The Cornish Trio of the 1920s—Peter Meremblum, Berthe Poncy (later Berthe Poncy Jacobson), and Kola Levienne—may have been the first chamber music group resident at an American school. In 1935, Cornish established the first (but ultimately short-lived) college-level school of radio broadcasting in the U.S.
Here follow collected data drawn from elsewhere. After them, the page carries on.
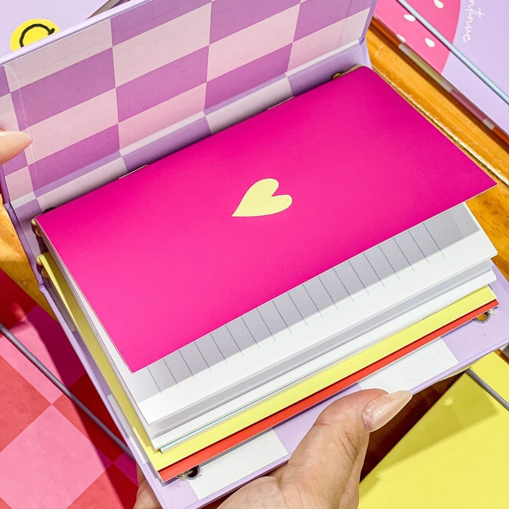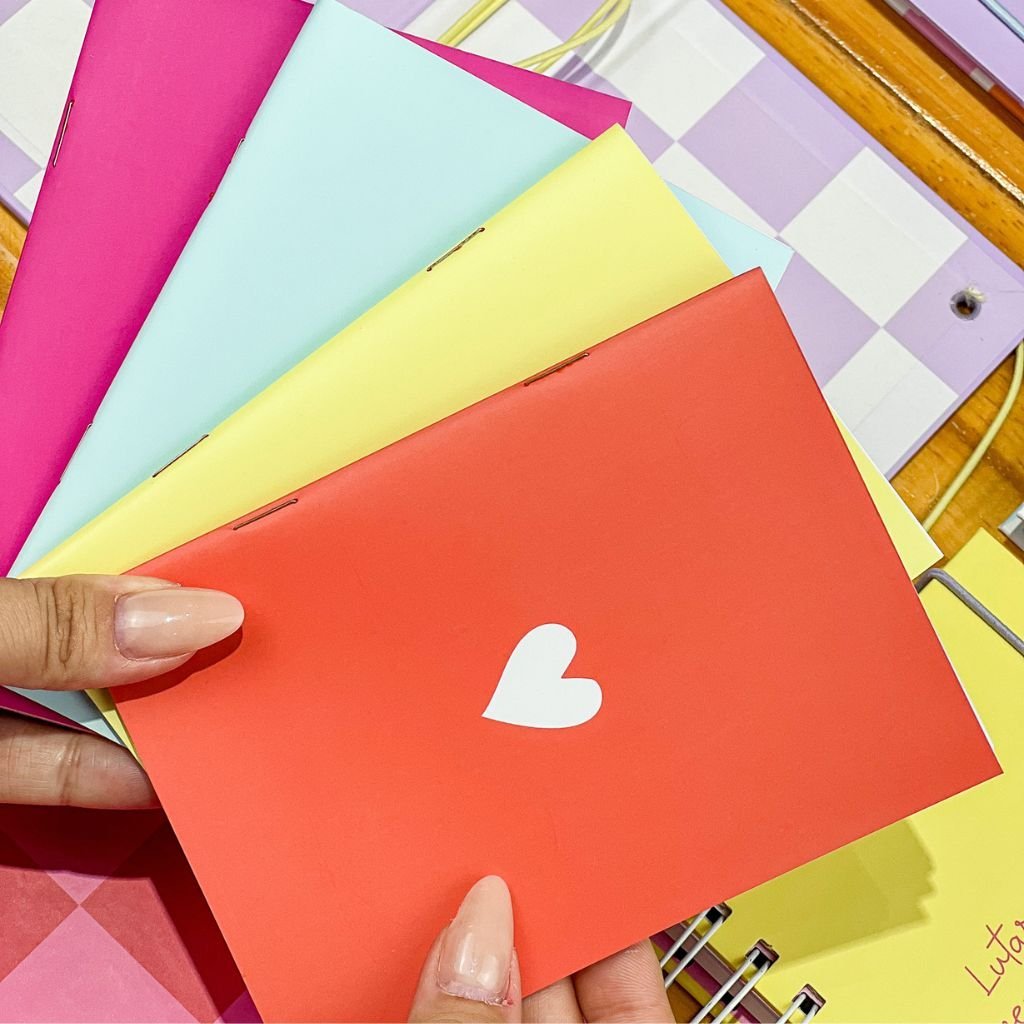 PROJETO MODULAR EM A6 – 03 modelos de CADERNINHOS BROCHURA: linhas. quadriculados e pontilhados e capas. MARCADORES, CARDS MENSAGEM E ADESIVOS LACRES 03 modelos de cada.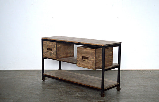 Credenza Porta TV Industrial con ruote - 2 cassetti -L.ptv-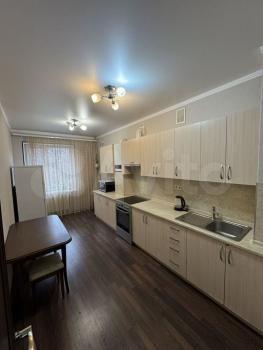 Квартира расположена на третьем этаже кирпичного дома, построенного в 2020 году. В квартире выполнен евро ремонт, что создает атмосферу комфорта и уюта. Просторная кухня оснащена необходимой бытовой техникой, включая холодильник и газовую плиту. В комнате установлен вместительный шкаф и диван, создавая условия для комфортного проживания.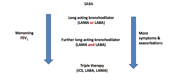How does the COPD inhaler treatment progress with severity, symptoms and exacerbation?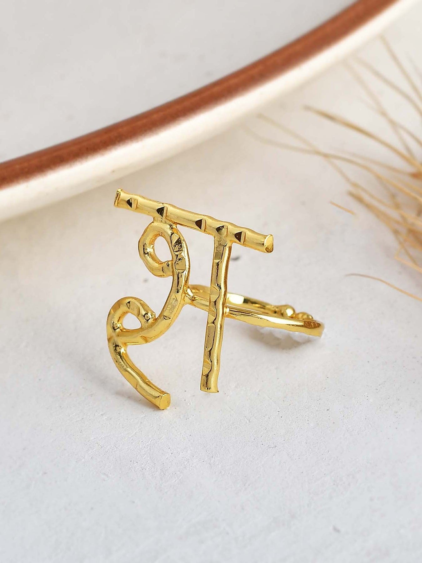 Akshar Ring Sha1 Color :Gold Material :Brass Closure :Hoop Care Instructions :Keep Away From Moisture Weight :0.5G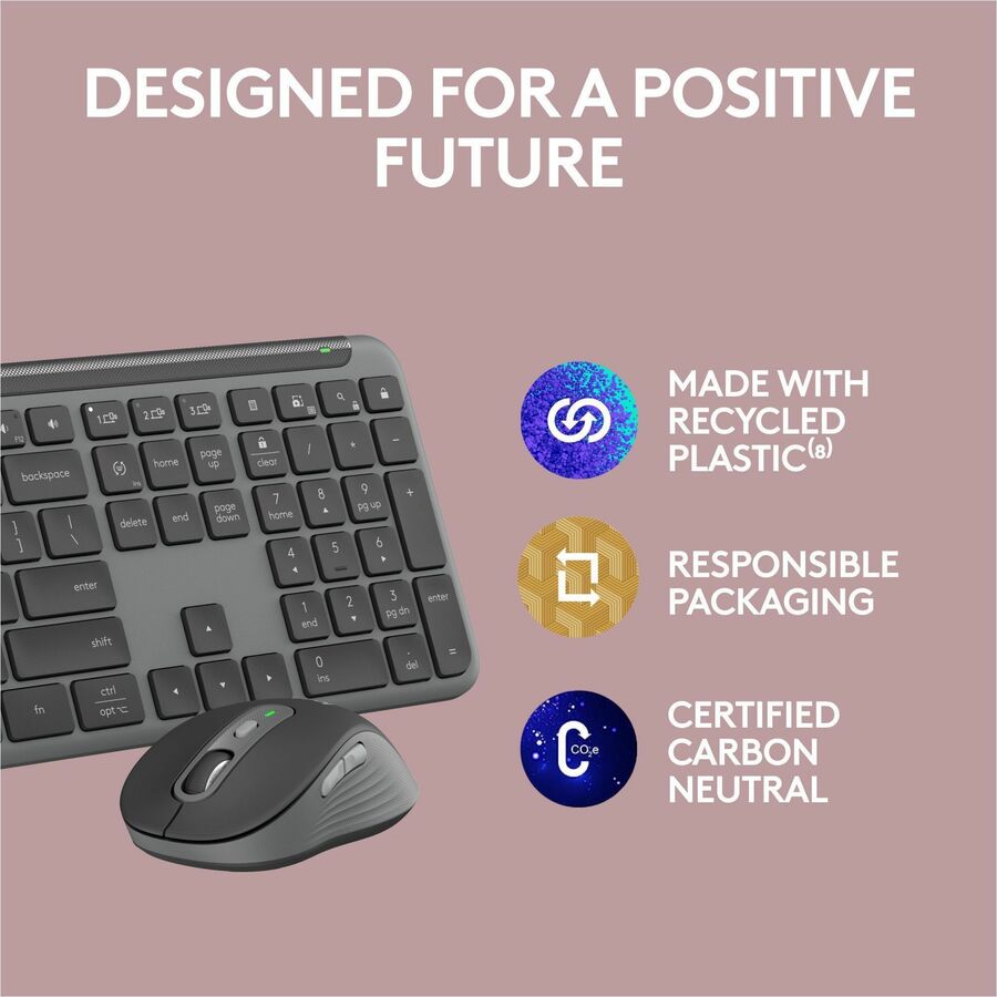 Type and click across computers effortlessly with the SIGNATURE SLIM Keyboard and Mouse MK955 made out of recycled plastic. Make work life magic with customization and shortcuts that keep you in control. Enjoy fast, precise scrolling and a familiar laptop-style keyboard feel that allows you to work even smarter with Logi Options+ App's custom shortcuts. Quiet typing and clicking gives you more focus, and less disturbance to others. Connect wirelessly with Bluetooth® or the included Logi Bolt USB receiver, and stay concentrated for longer with up to 36 months battery life for the keyboard and 24-months for the mouse.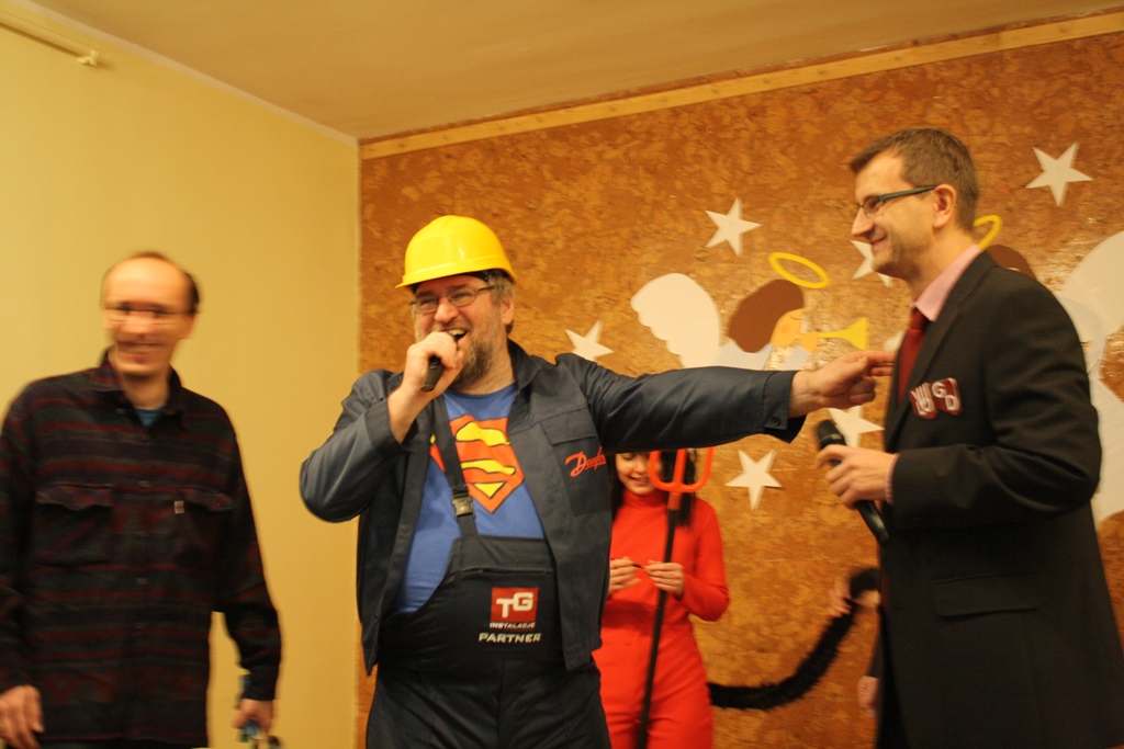 Potem pojawiła się pani Ayeb, która wyglądała toczka w toczkę jak pan Noj. Były też siły dobra i zła [panie Kluczykowska i Świgoń] i pan Izydorski, który tradycyjnie wystąpił w roli pana dyrektora Kozłowskiego. W tym momencie zauważyliśmy, że pan Kozłowski [ten prawdziwy] spogląda na wszystko z pewnym niepokojem… Podzielaliśmy Jego uczucia…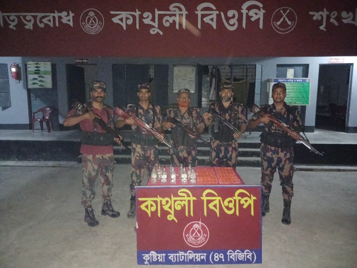 অপরদিকে, উপজেলার কাথুলী সীমান্ত এলাকায় পৃথক আরেকটি অভিযানে ৩ লাখ ১৩ হাজার ৫০০ টাকা মূল্যের ৯ বোতল ভারতীয় মদ এবং ১ হাজার পিস সিপ্রোহেপ্টাডিন ট্যাবলেট উদ্ধার করা হয়। এসব মালামালের কোনো মালিকানা পাওয়া যায়নি বলে জানিয়েছে বিজিবি।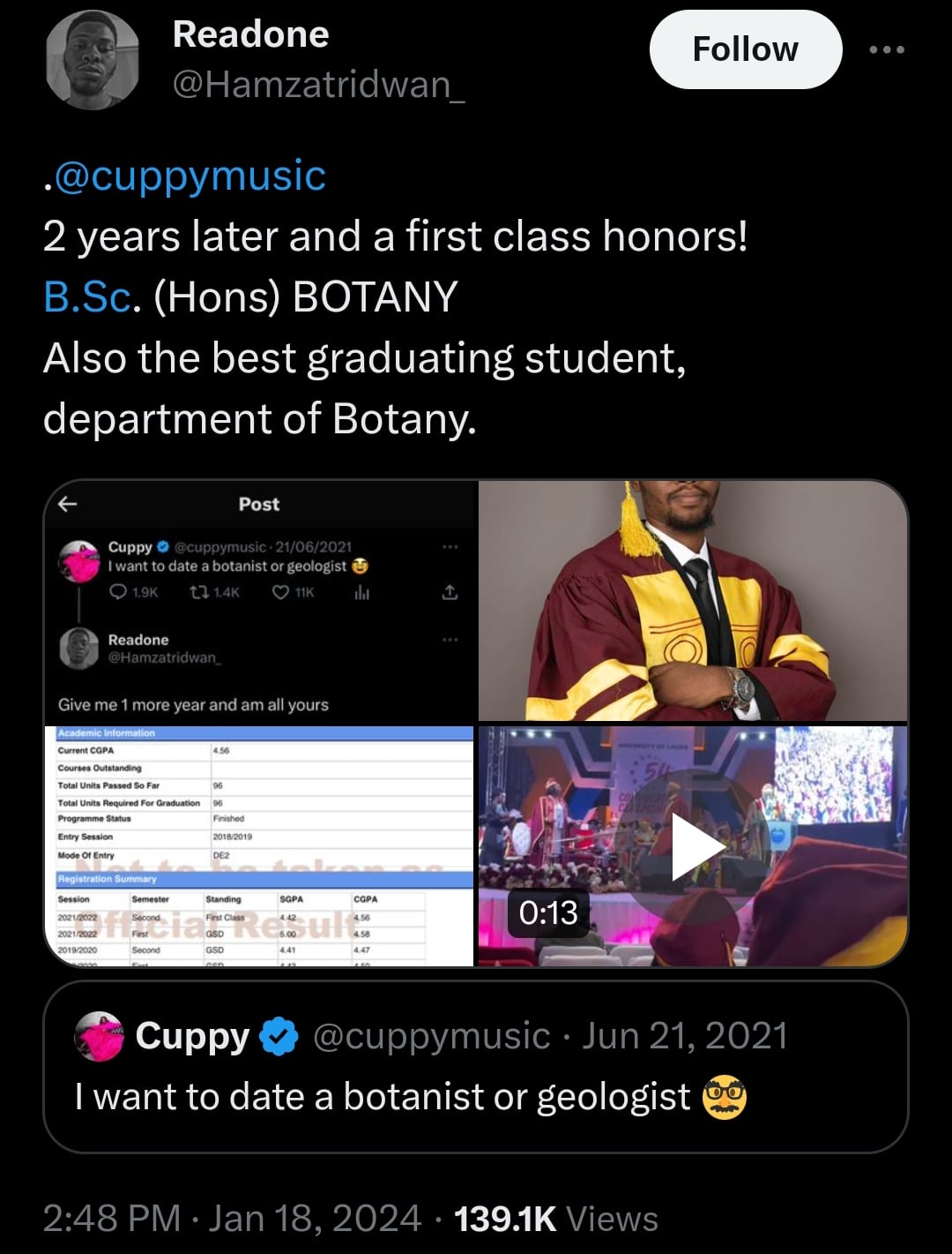 He said: “@cuppymusic, 2 years later and a first-class honors! B.Sc. (Hons) BOTANY. Also the best graduating student, Department of Botany.”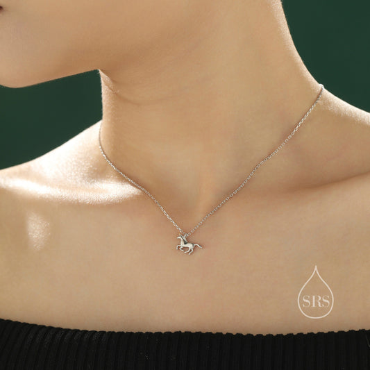 Tiny Unicorn Horse Necklace in Sterling Silver, Adjustable 16'' - 18''; - Cute Quirky and Fun Jewellery, Unicorn Horse Pendant Necklace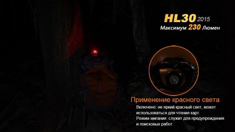 Помимо основного светодиода, в систему фонаря вмонтирован и дополнительный — красный Nichia red light LED. Его яркость всего 1 Люмен. Но этот свет можно эффективно использовать в качестве маячка, чтобы отыскать необходимое место (например, оставленный в темноте рюкзак или палатку). Такой красный свет не слепит человека при включении и отлично подходит для использования внутри палатки.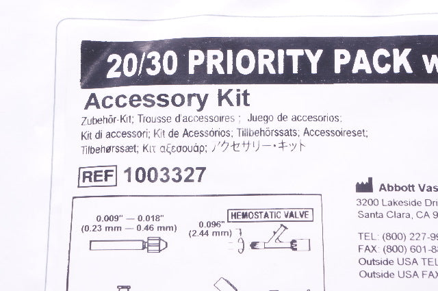 - Abbott 1003327 Accessory Kit 0.009in.0.018in. x 0.096in. 20/30 Priority Pack (x)

Through the 1920s, the school was often on the edge of financial failure, but was of a caliber that prompted Anna Pavlova to call it "the kind of school other schools should follow." Although the mortgage was paid off and the building donated to the school in 1929, financial difficulties inevitably grew during the Great Depression. Ultimately, convinced that finances would not allow the school to do more than "tread water," Nellie Cornish resigned her position as head of the school in 1939.〔. The reference to "treading water" is on p. 255.〕
While there were difficult years for the school after 1939, in the long run Cornish did much more than "tread water." With support from local arts organizations and a core of dedicated faculty and staff, the school ultimately "reinvented" itself many times, and in 1977 earned full accreditation as a degree granting college from the Northwest Commission on Colleges. That was one year after the establishment of the Theatre Department as the fifth fully fledged academic department. In 1982, the college received a large Title III grant which was instrumental in establishing the Video Art program in the Art department, and in the genesis of the Performance Production Department, which was granted full departmental status with the graduation of its first class in 1986. The BFA in Performance Production added concentrations in Costume, Lighting, Scenic and Sound Design, Stage Management and Technical Direction. Performance Production was established as an independent department so that it would be able to provide support to major productions of the Theatre, Dance and Music departments and provide its students with experience in all three. Recognizing the vital importance of liberal arts studies as a part of the education of an artist, Cornish established its seventh department, Humanities and Sciences, some years later. Humanities and Sciences had been an important part of the Cornish education even before the accreditation process of the '70s, but the important step of granting department status reaffirmed the commitment to "whole person" education.
''Miss Aunt Nellie: The Autobiography of Nellie C. Cornish'', was published by the University of Washington Press in 1964, with the assistance of funds from the Cornish School Alumnae Association.